§ **Source material**
┌──
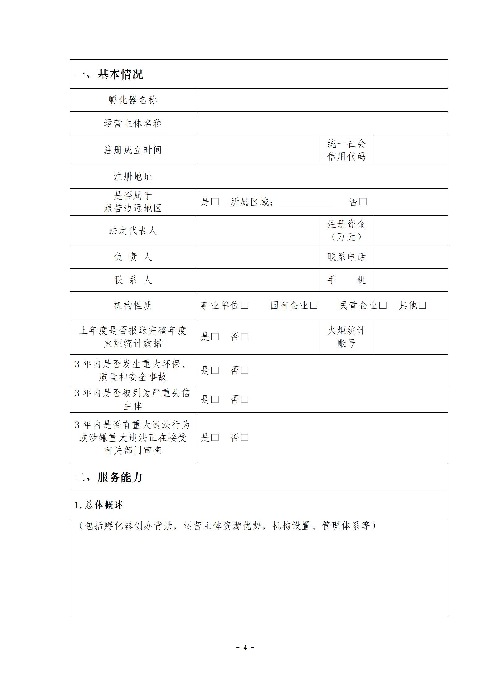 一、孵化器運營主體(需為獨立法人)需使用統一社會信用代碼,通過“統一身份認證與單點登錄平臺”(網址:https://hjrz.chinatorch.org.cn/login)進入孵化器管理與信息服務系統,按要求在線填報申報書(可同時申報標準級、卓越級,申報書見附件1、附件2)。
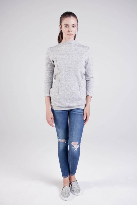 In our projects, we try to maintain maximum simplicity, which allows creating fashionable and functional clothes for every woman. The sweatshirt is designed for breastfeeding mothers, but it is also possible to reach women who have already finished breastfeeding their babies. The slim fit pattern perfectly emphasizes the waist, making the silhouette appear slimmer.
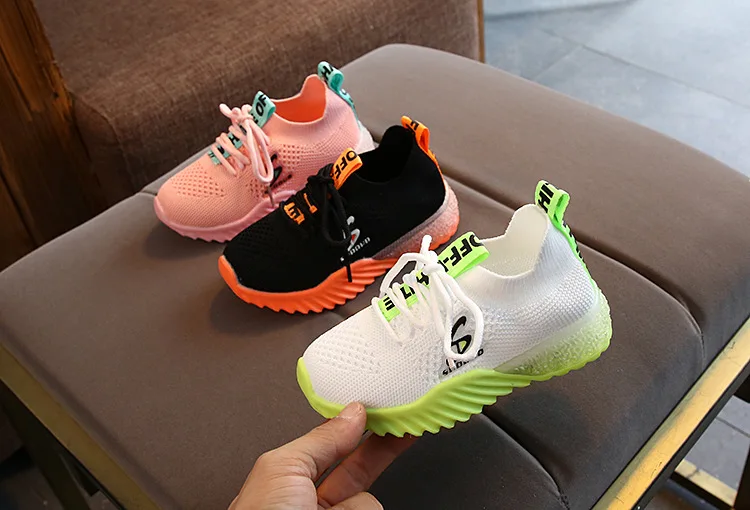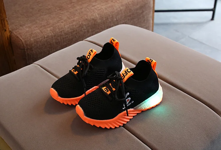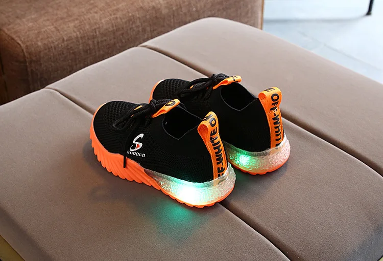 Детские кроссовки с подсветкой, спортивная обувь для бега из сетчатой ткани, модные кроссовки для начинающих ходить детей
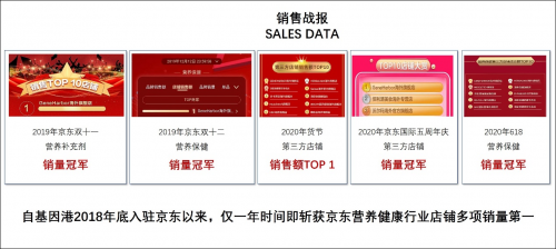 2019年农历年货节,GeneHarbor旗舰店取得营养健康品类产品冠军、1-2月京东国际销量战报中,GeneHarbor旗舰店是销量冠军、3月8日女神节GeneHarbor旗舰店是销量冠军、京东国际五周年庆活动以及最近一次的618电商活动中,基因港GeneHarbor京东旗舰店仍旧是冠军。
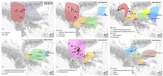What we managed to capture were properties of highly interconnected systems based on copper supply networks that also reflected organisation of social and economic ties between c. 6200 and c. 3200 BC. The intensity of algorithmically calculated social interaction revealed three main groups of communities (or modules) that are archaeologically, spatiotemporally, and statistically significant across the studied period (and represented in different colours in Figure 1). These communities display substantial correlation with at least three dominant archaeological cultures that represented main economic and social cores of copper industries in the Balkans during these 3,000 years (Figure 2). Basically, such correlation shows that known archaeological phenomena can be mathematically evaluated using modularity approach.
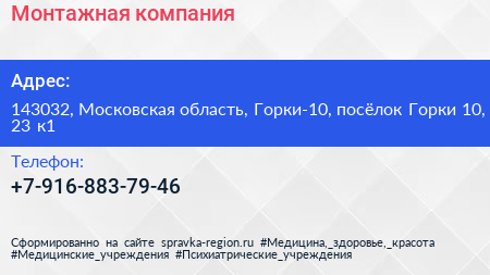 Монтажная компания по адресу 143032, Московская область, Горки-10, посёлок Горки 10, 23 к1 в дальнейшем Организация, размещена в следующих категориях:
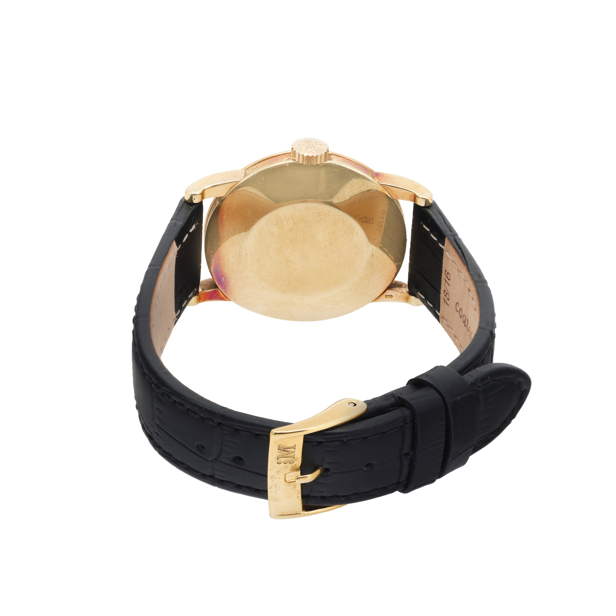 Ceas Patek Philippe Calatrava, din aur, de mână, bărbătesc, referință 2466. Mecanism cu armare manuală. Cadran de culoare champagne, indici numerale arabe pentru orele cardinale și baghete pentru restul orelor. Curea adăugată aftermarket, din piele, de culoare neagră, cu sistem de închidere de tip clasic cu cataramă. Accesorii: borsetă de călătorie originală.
└──
§ **Action item**
Write out the whole listing exactly. Do not include the pictures.

§ **Solved problem**
 一、孵化器運營主體(需為獨立法人)需使用統一社會信用代碼,通過“統一身份認證與單點登錄平臺”(網址:https://hjrz.chinatorch.org.cn/login)進入孵化器管理與信息服務系統,按要求在線填報申報書(可同時申報標準級、卓越級,申報書見附件1、附件2)。
 In our projects, we try to maintain maximum simplicity, which allows creating fashionable and functional clothes for every woman. The sweatshirt is designed for breastfeeding mothers, but it is also possible to reach women who have already finished breastfeeding their babies. The slim fit pattern perfectly emphasizes the waist, making the silhouette appear slimmer.
 Детские кроссовки с подсветкой, спортивная обувь для бега из сетчатой ткани, модные кроссовки для начинающих ходить детей
 2019年农历年货节,GeneHarbor旗舰店取得营养健康品类产品冠军、1-2月京东国际销量战报中,GeneHarbor旗舰店是销量冠军、3月8日女神节GeneHarbor旗舰店是销量冠军、京东国际五周年庆活动以及最近一次的618电商活动中,基因港GeneHarbor京东旗舰店仍旧是冠军。
What we managed to capture were properties of highly interconnected systems based on copper supply networks that also reflected organisation of social and economic ties between c. 6200 and c. 3200 BC. The intensity of algorithmically calculated social interaction revealed three main groups of communities (or modules) that are archaeologically, spatiotemporally, and statistically significant across the studied period (and represented in different colours in Figure 1). These communities display substantial correlation with at least three dominant archaeological cultures that represented main economic and social cores of copper industries in the Balkans during these 3,000 years (Figure 2). Basically, such correlation shows that known archaeological phenomena can be mathematically evaluated using modularity approach.
 Монтажная компания по адресу 143032, Московская область, Горки-10, посёлок Горки 10, 23 к1 в дальнейшем Организация, размещена в следующих категориях:
 Ceas Patek Philippe Calatrava, din aur, de mână, bărbătesc, referință 2466. Mecanism cu armare manuală. Cadran de culoare champagne, indici numerale arabe pentru orele cardinale și baghete pentru restul orelor. Curea adăugată aftermarket, din piele, de culoare neagră, cu sistem de închidere de tip clasic cu cataramă. Accesorii: borsetă de călătorie originală.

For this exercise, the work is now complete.